Collected data:
===

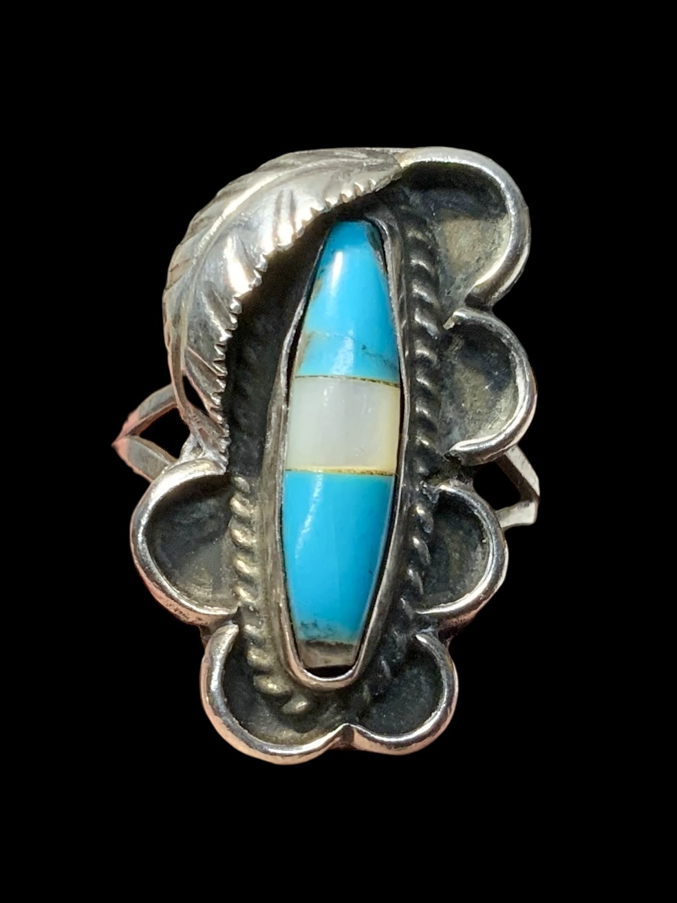 Sterling And Turquoise Native American Ring, there is a repair to one piece of the turquoise stone, that appears to have been fixed with clear resin and polished. See photos. Size 5.75”
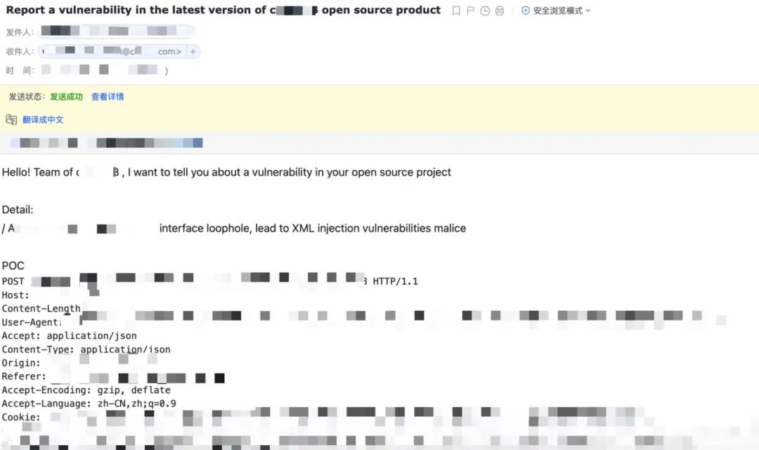 (图:悟空团队向项目官方披露漏洞细节及修复建议邮件)
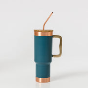 Cană realizată din cupru și vopsită în nuanță de albastru, prevăzută cu capac din lemn și pai metalic reutilizabil. Este potrivită pentru păstrarea băuturilor reci, iar mânerul oferă o prindere confortabilă și sigură. Designul simplu și materialele durabile o fac ideală pentru utilizarea zilnică sau ca element decorativ practic.

===

Task prompt: Copy the listing exactly. Any image in it stays out of the copy.

The completed task:
 Sterling And Turquoise Native American Ring, there is a repair to one piece of the turquoise stone, that appears to have been fixed with clear resin and polished. See photos. Size 5.75”
 (图:悟空团队向项目官方披露漏洞细节及修复建议邮件)
 Cană realizată din cupru și vopsită în nuanță de albastru, prevăzută cu capac din lemn și pai metalic reutilizabil. Este potrivită pentru păstrarea băuturilor reci, iar mânerul oferă o prindere confortabilă și sigură. Designul simplu și materialele durabile o fac ideală pentru utilizarea zilnică sau ca element decorativ practic.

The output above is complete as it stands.